17,615Banned ✭✭Welcome to the forum.

Yes, that is essentially correct. There is a small increase in efficiency as you go up in Voltage too, and we usually think of power in terms of Watt hours and vary the Amp hours in respect to nominal Voltage to get the equivalent.

Or: why I wrote this piece on equivalent power http://forum.solar-electric.com/showthread.php?15989-Battery-System-Voltages-and-equivalent-power

28,034Super Moderators, Administrators adminBack to the math...

Power = Voltage * Current

So, if you double the voltage, you only need 1/2 the current.

If you have two 12 volt @ 100 AH batteries, series or parallel has the same amount of storage:

The difference is the voltage and current drops/waste heat...

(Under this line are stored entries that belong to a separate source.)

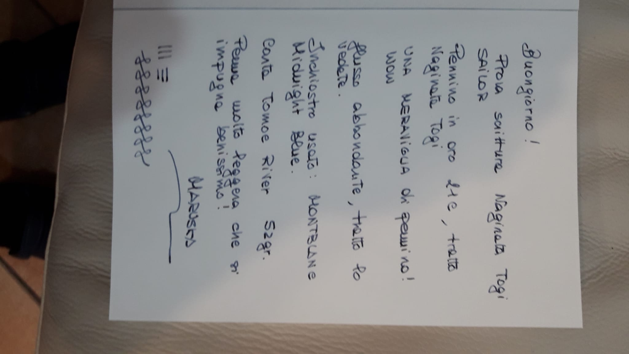 Silvia1974 ha scritto: domenica 30 ottobre 2022, 6:54 Grazie! Davvero molto chiara come spiegazione :thumbup: Bella penna. Inizio a capire come mai con la mia Sailor 1911 che ho venduto non mi trovavo. Aveva di fatto un tratto architect, non chiedetemi perché, e probabilmente la impugnavo non correttamente. Il Naginata dev’essere bellissimo da usare! :)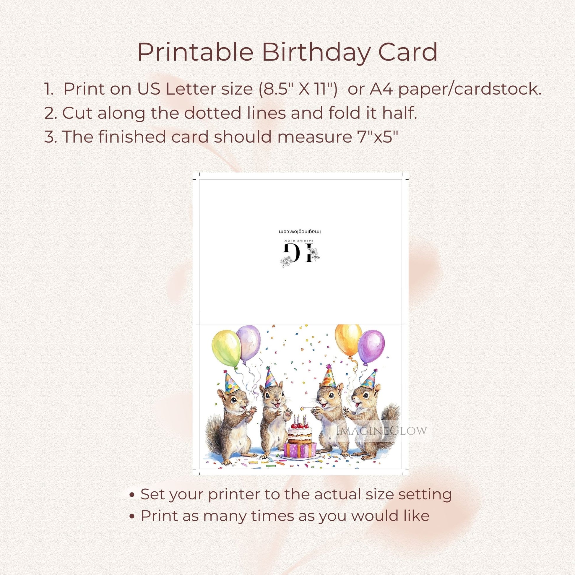 With its combination of cute artistry and rustic woodland charm, this Squirrel Birthday Card works beautifully for birthdays in every season. Download, print, and give a card that’s as delightful and unique as the person you’re celebrating.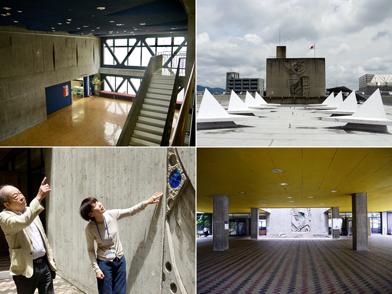 ピロティーから屋上までの吹き抜けの壁面には高さ18mのレリーフが彫られている。これは前川が、当時29歳の若き彫刻家・山縣壽夫に依頼したものだ。海中から天空へ飛翔する鳥を表現し、「鳥柱(ちょうちゅう)」と題した。完成から54年の時を経て、2016年に修復が行われ、地元の学生たちが剥落した色ガラスを再現。83歳になった山縣氏本人も、神奈川県から駆けつけて手本を示したそうだ。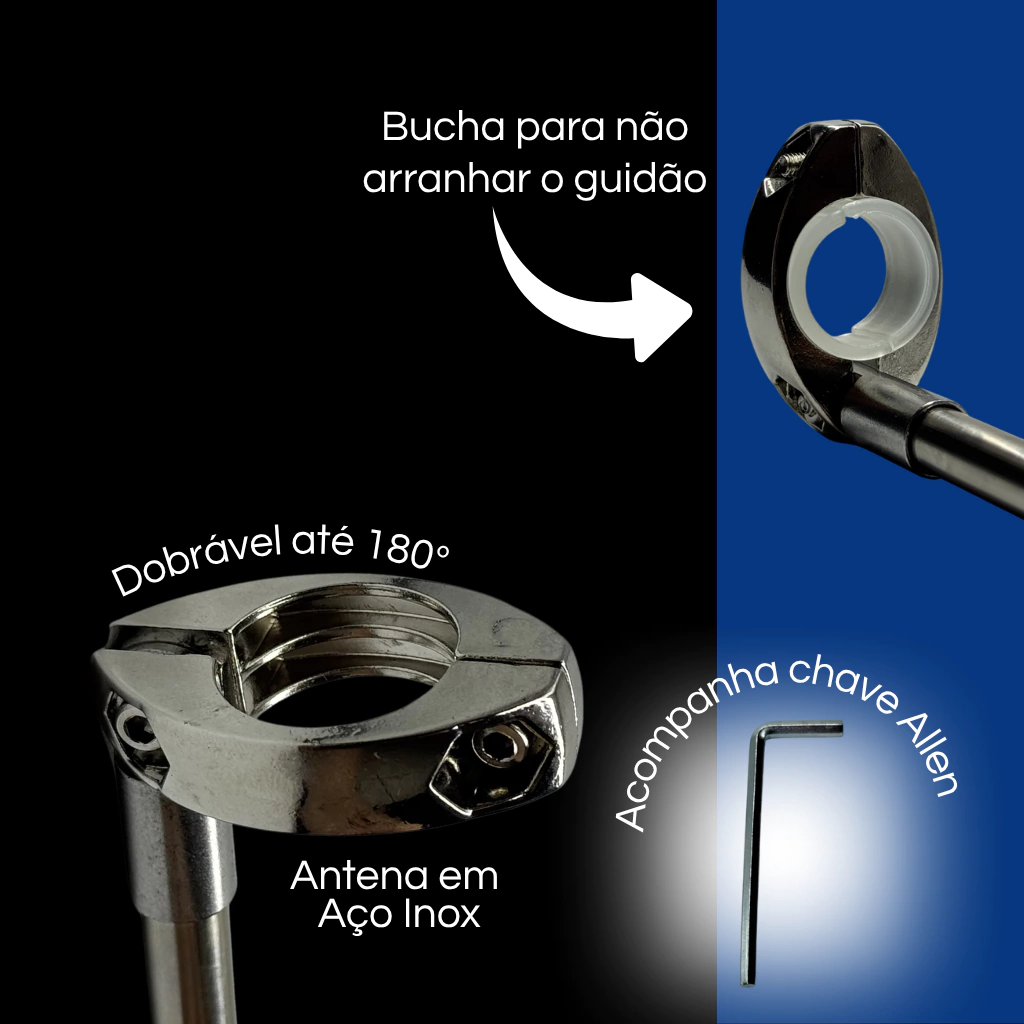 Fabricada em aço inox de alta resistência, a antena corta pipa oferece durabilidade superior e ainda deixa sua moto com um design esportivo e moderno. Seu sistema retrátil é prático e se adapta facilmente ao guidão ou retrovisor, podendo ser instalada em motos, quadriciclos e até bicicletas.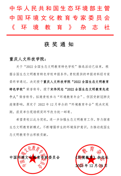 近日,中国环境文化教育专家委员会、《环境教育》杂志社公布,beat365官网被授予“2022全国生态文明教育特色学校”称号。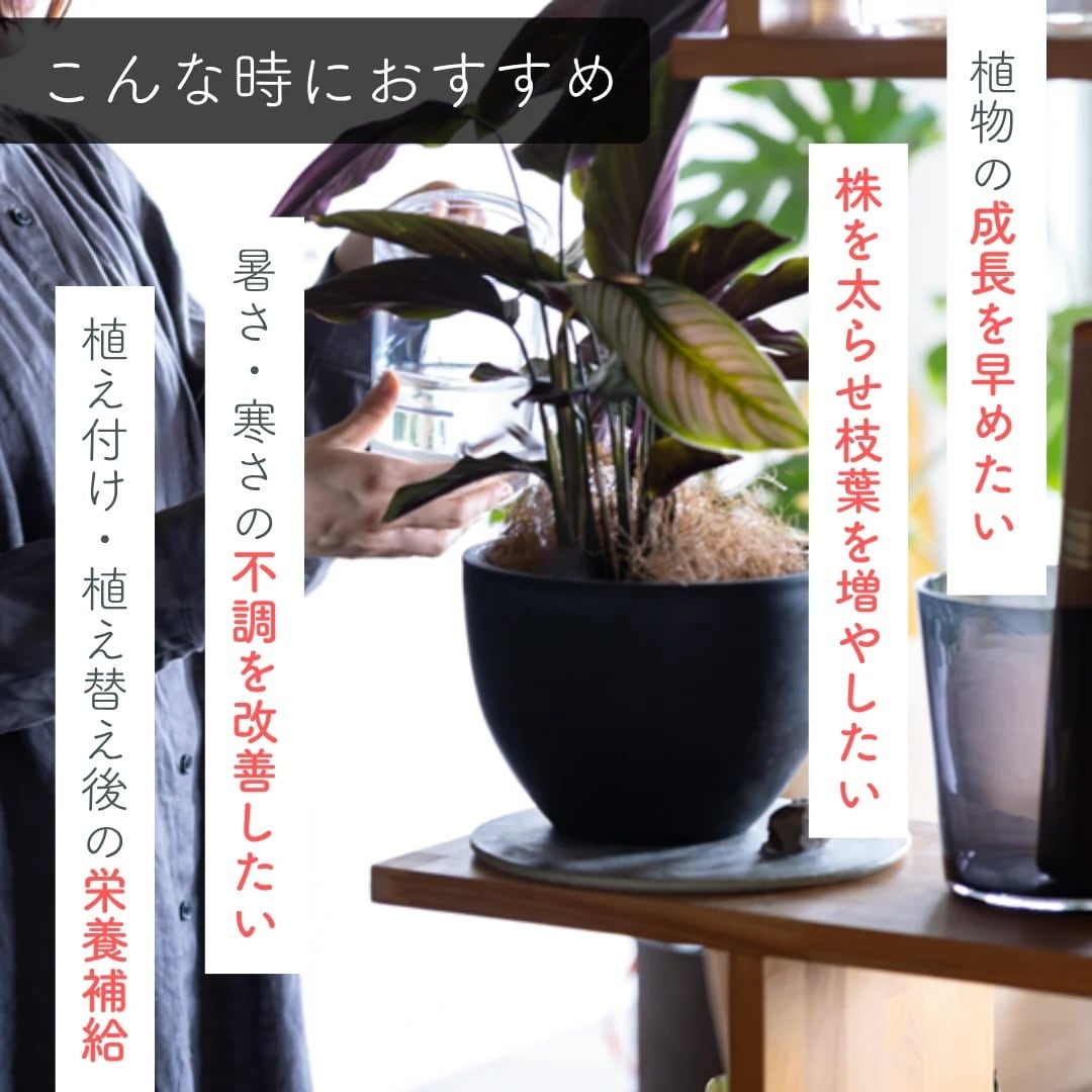 毎日の水やりにひと手間加えるだけで、あなたの大切な植物に栄養をチャージ。

For example, Voltage drop = I*R... So, if you allow 3% drop, 1/2 the current allows to (roughly) have a wire that is 1/2 the diameter (+3 AWG steps) for the same voltage drop. Or you can send the current 2x farther with the same size wire.

And related to voltage drop... A 12 volt battery system will output ~11.5 volts under load, and the "battery cutoff" voltage for an inveter is ~10.5 volts--So you have around 0.5 to 1.0 voltage drop for wiring/fuses/hot batteries (which drop output voltage), etc.

For a 48 volt system, you have around 2-4 volts of head room. For a 120 VAC system, a 10-15 volt allowable drop (NEC usually limits to 3% maximum drop or 3.6 VAC).

Next, Power = I

^{2}*R for heating losses... So, if you cut the current by 1/2, you have 1/4 the amount of heating losses...There are other issue too (DC switches/fuses are rated for certain maximum voltages). Easy to find 12 volt and 24 volt rated components (and appiances). Harder to find 48 volt devices.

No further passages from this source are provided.